Quando parliamo di inclusione scolastica, spesso pensiamo al PEI, alle verifiche, agli strumenti compensativi.
Ma c’è una domanda molto più grande che dovremmo porci:

👉 Cosa succede dopo la scuola?

Il percorso educativo degli studenti con disabilità non può fermarsi alle mura dell’aula.
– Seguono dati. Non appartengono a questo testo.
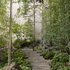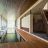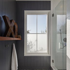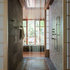 2. This walk-through shower designed by CTA Architects Engineers features a slate floor with inset wood slats that lead to a drain underneath.
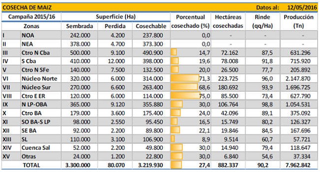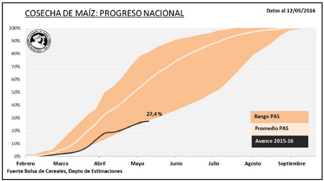Durante la última semana, la recolección de lotes de maíz con destino grano comercial continuó de manera pausada por la falta de piso en gran cantidad de lotes. La cosecha avanzó sobre lotes tempranos en el centro del área agrícola nacional, con rendimientos dispares producto del temporal de abril.
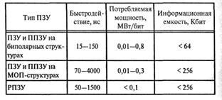 В РПЗУ запоминающие ячейки строятся на основе МОП-технологий. Используются различные физические явления хранения заряда на границе между двумя различными диэлектрическими средами или проводящей и диэлектрической средой. В первом случае диэлектрик под затвором МОП-транзистора делают из двух слоев: нитрида кремния и двуокиси кремния (SiN4 — SiO2). Было обнаружено, что в сложной структуре SiN4 — SiO2 при изменении электрического напряжения возникает гистерезис заряда на границе раздела двух слоев, что и позволяет создавать запоминающие ячейки. Такие транзисторы называют МНОП-транзисторами в соответствии с их структурой: металл-нитрид кремния-окисел-полупроводник. Запись информации в ячейки на МНОП-транзисторах осуществляется подачей относительно высоких напряжений (около 20 В), а перед записью осуществляется электрическое стирание старой информации (запись 0 во все запоминающие элементы). Таким образом, ЗУ на МНОП-транзисторах — это РПЗУ ЭС или EPROM. Они позволяют осуществлять 104 — 106 перезаписей, энергонезависимы и могут хранить информацию годами. В обозначении микросхем с электрическим стиранием после номера серии указывают две буквы PP. Так, микросхема К1601РР1 выполнена на основе p-МНОП-транзисторов, по входу и выходу совместима с ТТЛ-структурами, имеет выходы с тремя состояниями и организацию IK x 4. Время хранения информации 500 часов. Во втором случае основой запоминающей ячейки является лавинно-инжекционный МОП-транзистор с плавающим затвором (ЛИЗМОП-транзисторы).

Deve accompagnare la persona verso l’età adulta, l’autonomia e la partecipazione sociale.

📌Riferimenti normativi

Per tutelare e promuovere l’adultità delle persone con disabilità,  la normativa italiana ha introdotto strumenti importanti.

L’art. 14 della Legge 328/2000 ha previsto il Progetto Individuale, pensato per coordinare gli interventi educativi, sociali e sanitari.
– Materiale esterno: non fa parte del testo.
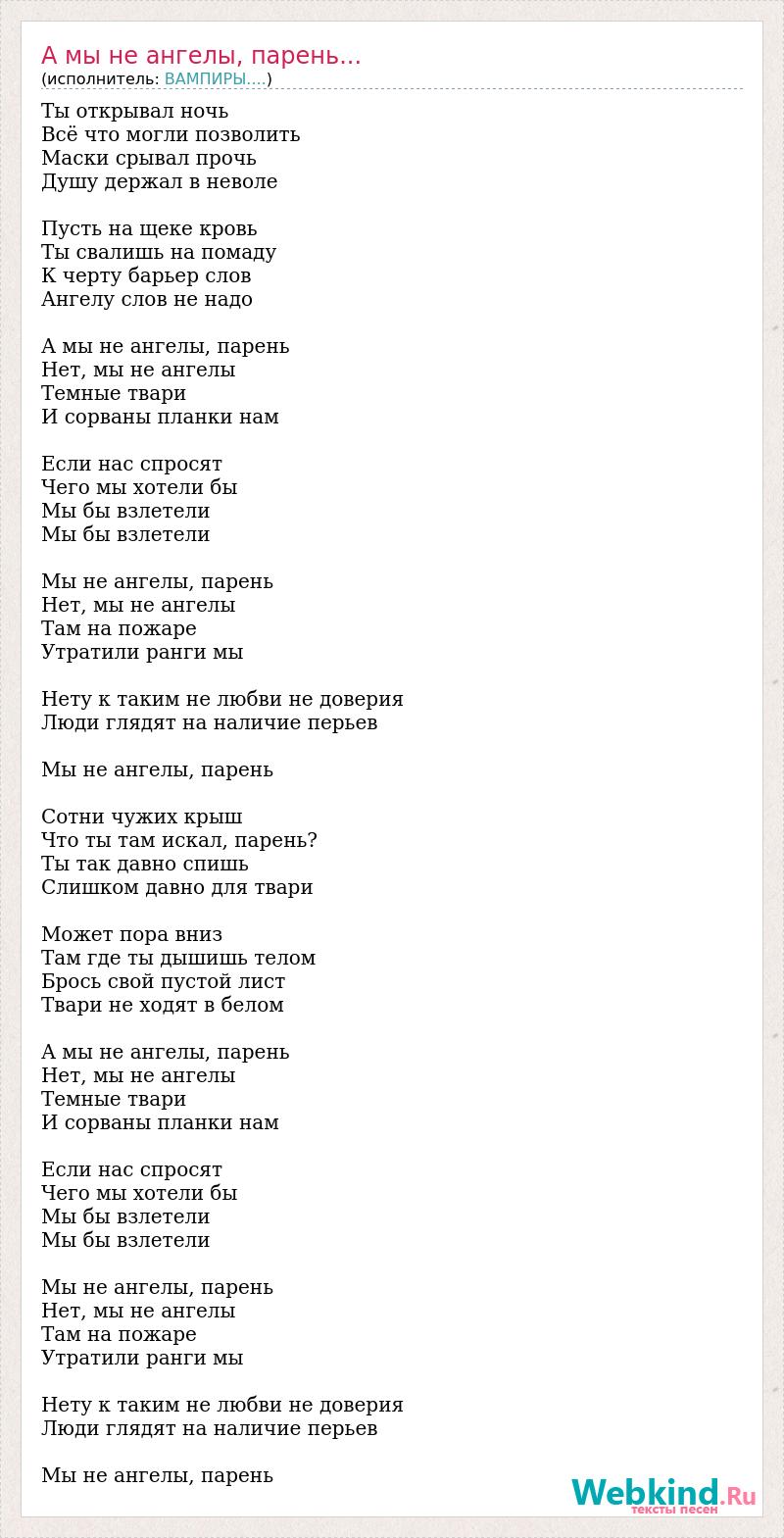Ты открывал ночь Всё что могли позволить Маски срывал прочь Душу держал в неволе Пусть на щеке кровь Ты свалишь на помаду К черту барьер слов Ангелу слов не надо А мы не ангелы, парень Нет, мы не ангелы Темные твари И сорваны планки нам Если нас спросят Чего мы хотели бы Мы бы взлетели Мы бы взлетели Мы не ангелы, парень Нет, мы не ангелы Там на пожаре Утратили ранги мы Нету к таким не любви не доверия Люди глядят на наличие перьев Мы не ангелы, парень Сотни чужих крыш Что ты там искал, парень? Ты так давно спишь Слишком давно для твари Может пора вниз Там где ты дышишь телом Брось свой пустой лист Твари не ходят в белом А мы не ангелы, парень Нет, мы не ангелы Темные твари И сорваны планки нам Если нас спросят Чего мы хотели бы Мы бы взлетели Мы бы взлетели Мы не ангелы, парень Нет, мы не ангелы Там на пожаре Утратили ранги мы Нету к таким не любви не доверия Люди глядят на наличие перьев Мы не ангелы, парень

Più recentemente il Decreto Legislativo 62/2024, attuativo della Legge 227/2021, ha introdotto il Progetto di vita personalizzato e partecipato.

Un cambiamento importante, che si ispira al modello ICF ” International Classification of Functioning, Disability and Health.”

Questo modello ci ricorda una cosa fondamentale:

➡️ la disabilità non riguarda solo la persona
➡️ ma nasce dall’interazione tra persona e contesto

Ecco perché il progetto di vita non riguarda solo la scuola, ma  coinvolge:

  • scuola
  • famiglia
  • servizi sociali
  • servizi sanitari
  • territorio

📝 Il ruolo della scuola

La scuola non redige direttamente il progetto di vita, ma può contribuire in modo decisivo attraverso la progettazione educativa.

Il Decreto Ministeriale 182/2020 prevede infatti nel PEI una sezione dedicata al raccordo con il progetto di vita.

Questo significa che, quando progettiamo il percorso di uno studente, dovremmo iniziare a chiederci:

  • quali autonomie sviluppare
  • quali competenze valorizzare
  • quali opportunità potrà avere nel futuro.

L’obiettivo non è solo far superare l’anno scolastico.

L’obiettivo è accompagnare la persona nella costruzione della propria identità adulta.

E in questo percorso diventa centrale anche l’autodeterminazione, principio riconosciuto dalla Convenzione ONU sui diritti delle persone con disabilità.

Perché l’inclusione vera non significa solo stare a scuola.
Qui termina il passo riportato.